--- Dataset extract Enclosed Below ---
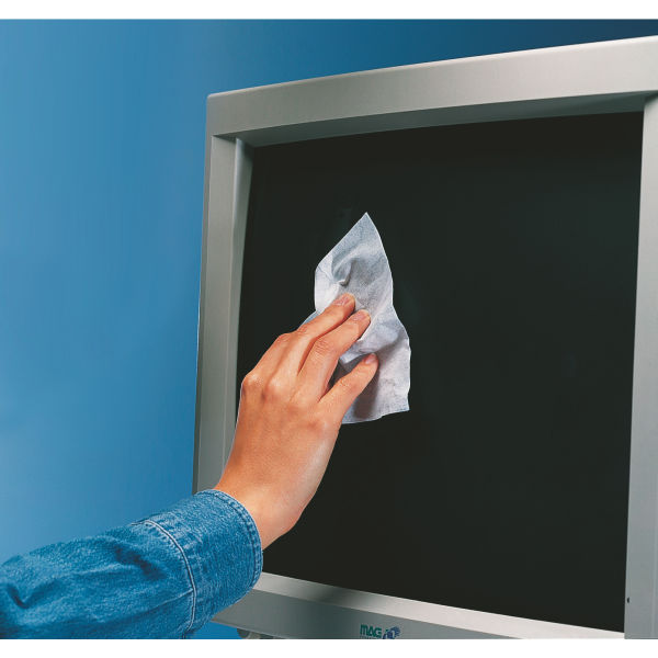 Do czyszczenia ekranów. powierzchni metalowych i szklanych. drukarek. klawiatur. telefonów i sprzętu biurowego. Formuła antystatyczna. nie rysuje powierzchni ani nie zostawia zacieków. Wilgotne i suche chusteczki w jednym funkcjonalnym i prostym w użyciu pojemniku. Zabrudzone powierzchnie należy przetrzeć wilgotną chusteczką. wysuszyć i wypolerować suchą. Sposób składania chusteczek zapewnia ich automatyczne wysuwanie.
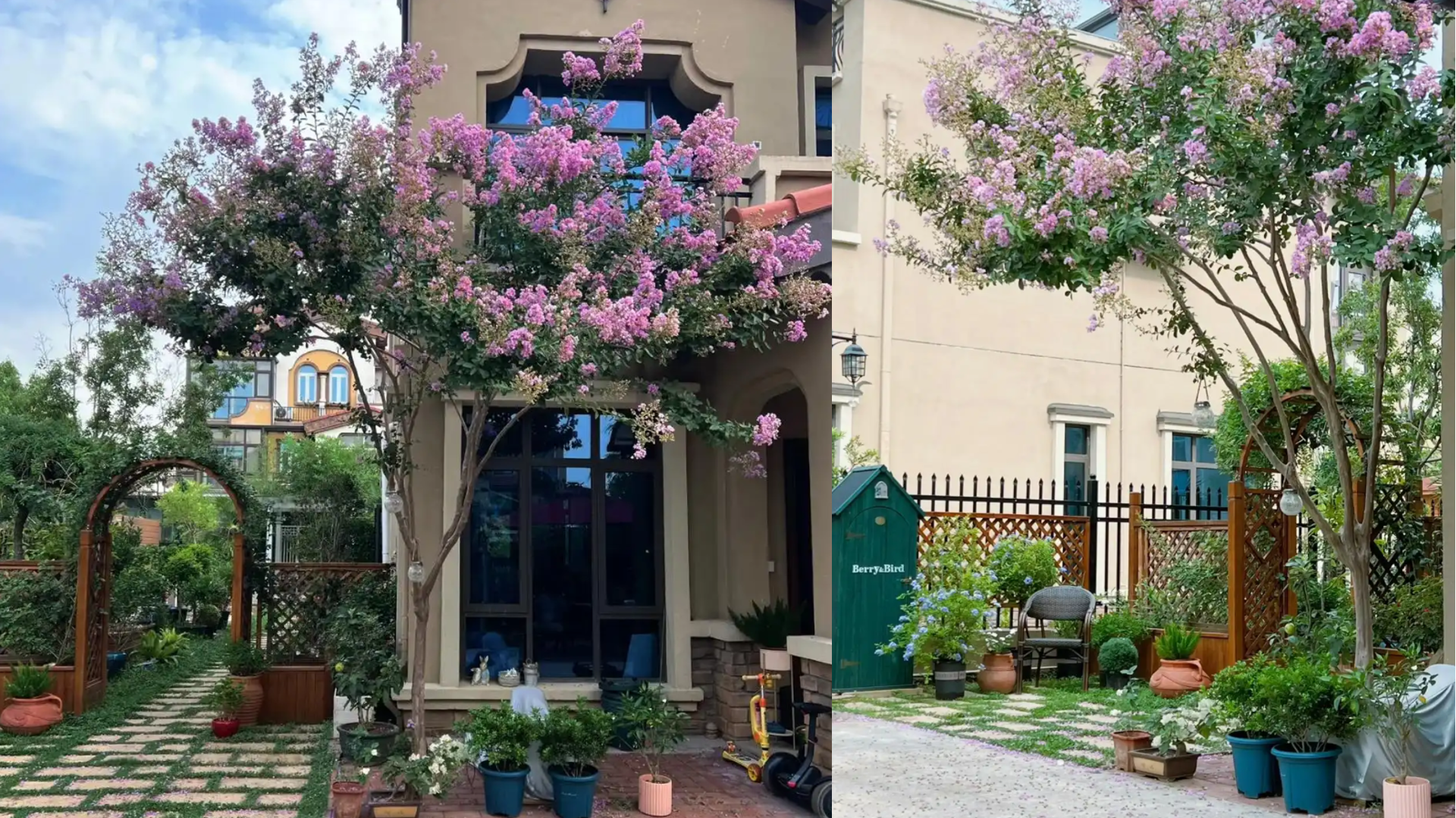 Cây tử vi nở hoa rực rỡ, thân uốn lượn tự nhiên, biểu tượng vượng khí và quý nhân phù trợ. Ảnh: Baidu
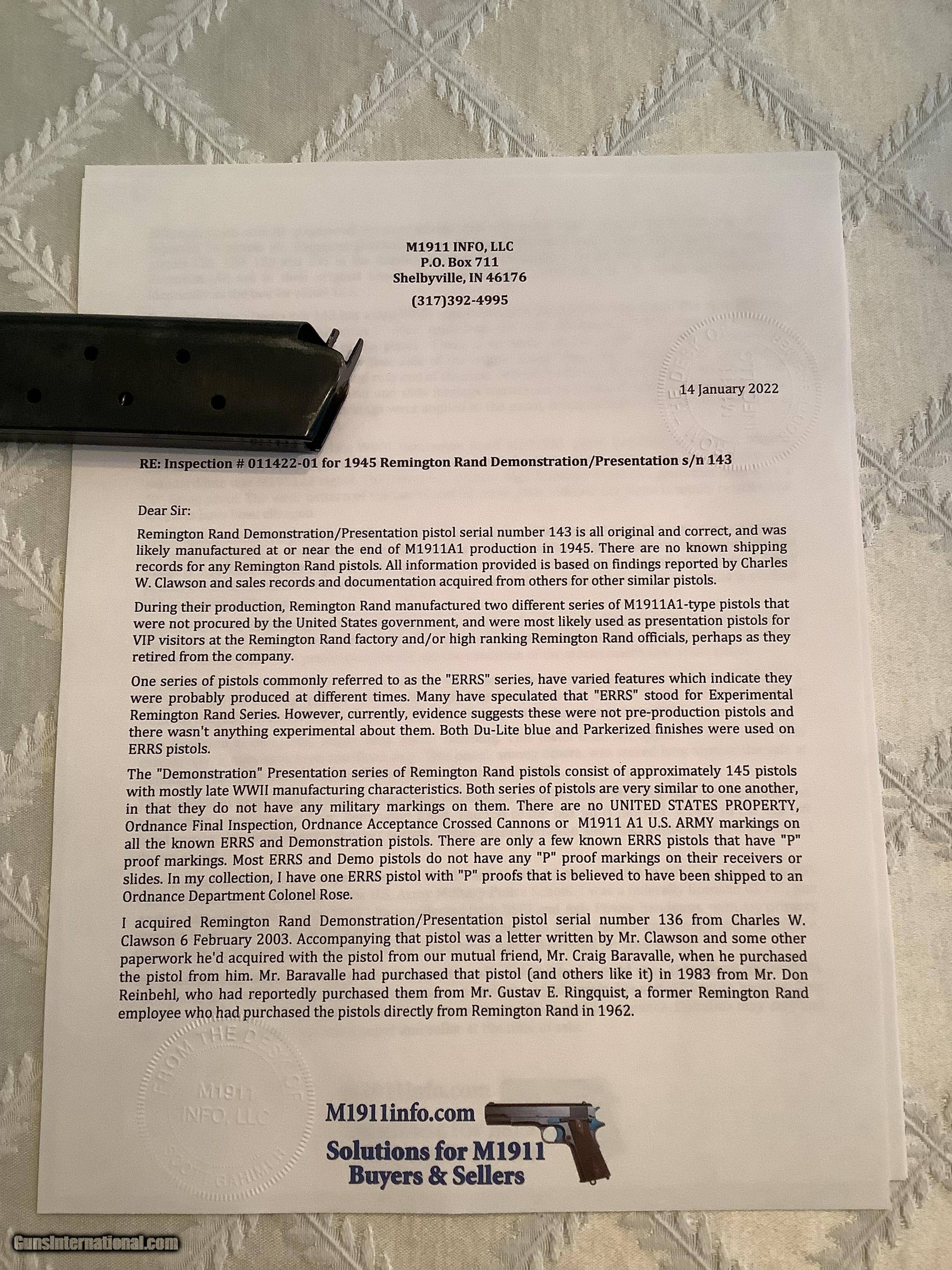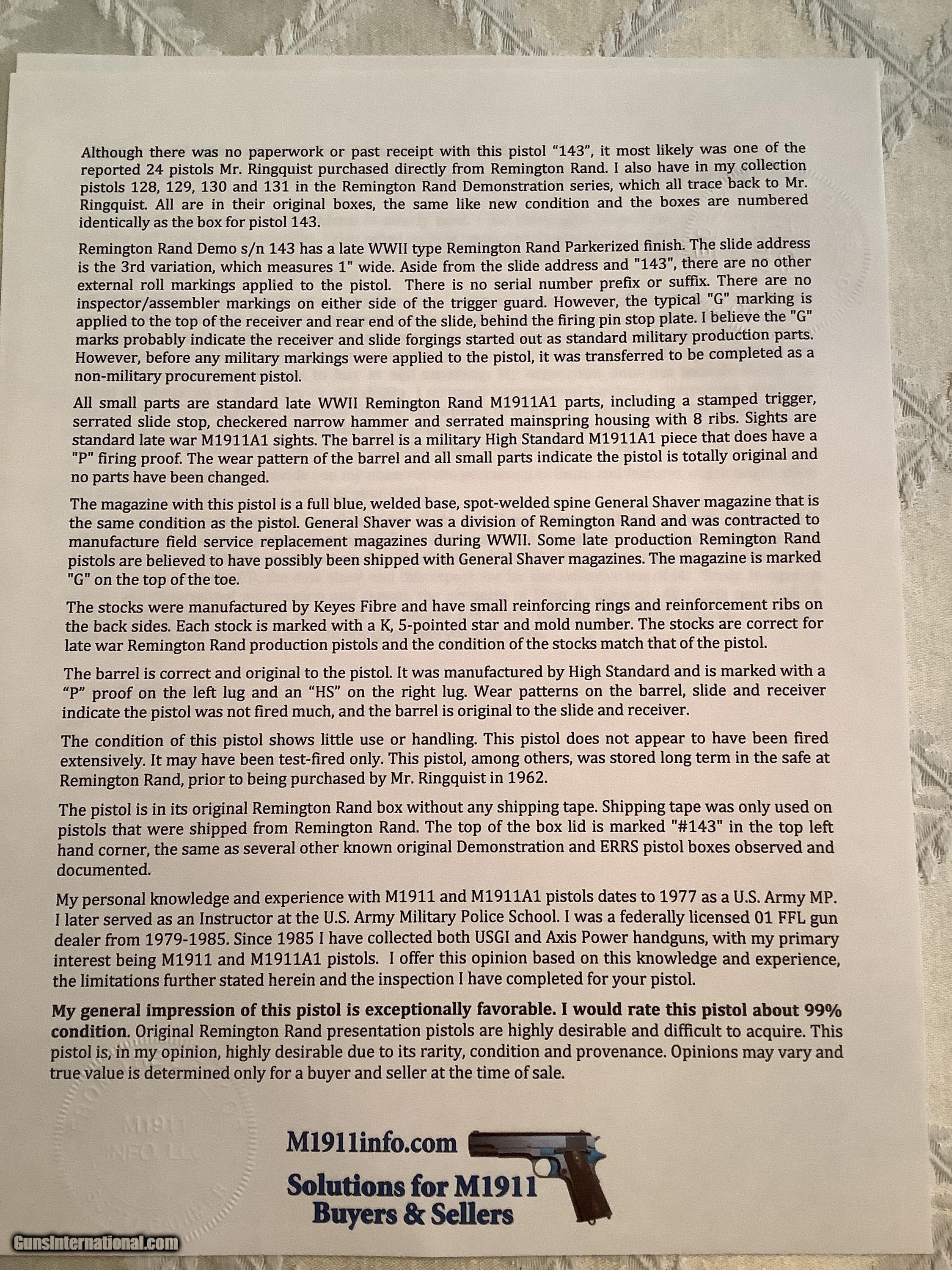 Description: For your consideration, is a very rare 100% original Remington Rand Demonstration / Presentation 1911a1 pistol, one of approximately 150 ever made, produced in 1945. Unique in that it has no outward military markings, in approximately 99 percent condition, with original craft box. Never shot by me and only taken down by me for photos. Acquired from Colt 1911 expert Scott Gahimer and will come with Scott's written assessment and CD photos, a $300 value. US postal service money orders or certified check for payment, and payment must clear my bank before shipping. Will ship from my FFL to yours, for $40.00. Domestic sales only. My FFL can send to any state where this firearm is legal to own, but it is up to buyer to ensure, in advance, that it can be shipped to their state. Thanks for looking. SOLD Handgun Caliber: .45 ACP (.45 Auto) |
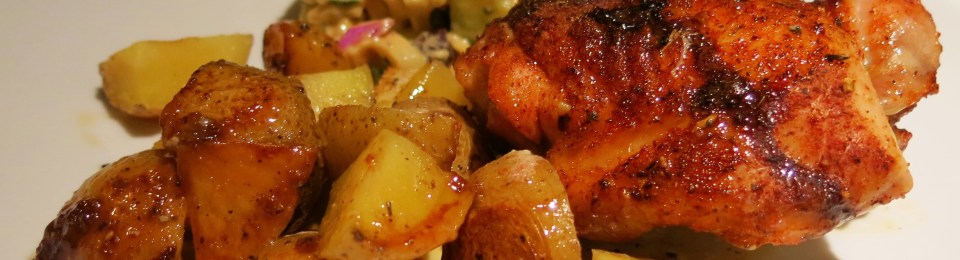 If you don’t wish to roast a whole chicken, I seasoned some bone-in, skin-on thighs and just placed them skin side-up directly on top of the potatoes. It worked pretty well, but of course the bottom of the chicken didn’t brown, but you could put them on a rack, as well. They were still wonderful. I would imagine you could use bone-in, skin-on breasts. When you use pieces of chicken, you’ll need to cook the potatoes until they are at least half-cooked through. Whatever you choose to do, it will be delicious.
--- End of Enclosed Dataset extract ---
▶ Problem
Leave out the pictures and print every line of the data exactly.

▶ Answer to this problem
 Do czyszczenia ekranów. powierzchni metalowych i szklanych. drukarek. klawiatur. telefonów i sprzętu biurowego. Formuła antystatyczna. nie rysuje powierzchni ani nie zostawia zacieków. Wilgotne i suche chusteczki w jednym funkcjonalnym i prostym w użyciu pojemniku. Zabrudzone powierzchnie należy przetrzeć wilgotną chusteczką. wysuszyć i wypolerować suchą. Sposób składania chusteczek zapewnia ich automatyczne wysuwanie.
 Cây tử vi nở hoa rực rỡ, thân uốn lượn tự nhiên, biểu tượng vượng khí và quý nhân phù trợ. Ảnh: Baidu
 Description: For your consideration, is a very rare 100% original Remington Rand Demonstration / Presentation 1911a1 pistol, one of approximately 150 ever made, produced in 1945. Unique in that it has no outward military markings, in approximately 99 percent condition, with original craft box. Never shot by me and only taken down by me for photos. Acquired from Colt 1911 expert Scott Gahimer and will come with Scott's written assessment and CD photos, a $300 value. US postal service money orders or certified check for payment, and payment must clear my bank before shipping. Will ship from my FFL to yours, for $40.00. Domestic sales only. My FFL can send to any state where this firearm is legal to own, but it is up to buyer to ensure, in advance, that it can be shipped to their state. Thanks for looking. SOLD Handgun Caliber: .45 ACP (.45 Auto) |
 If you don’t wish to roast a whole chicken, I seasoned some bone-in, skin-on thighs and just placed them skin side-up directly on top of the potatoes. It worked pretty well, but of course the bottom of the chicken didn’t brown, but you could put them on a rack, as well. They were still wonderful. I would imagine you could use bone-in, skin-on breasts. When you use pieces of chicken, you’ll need to cook the potatoes until they are at least half-cooked through. Whatever you choose to do, it will be delicious.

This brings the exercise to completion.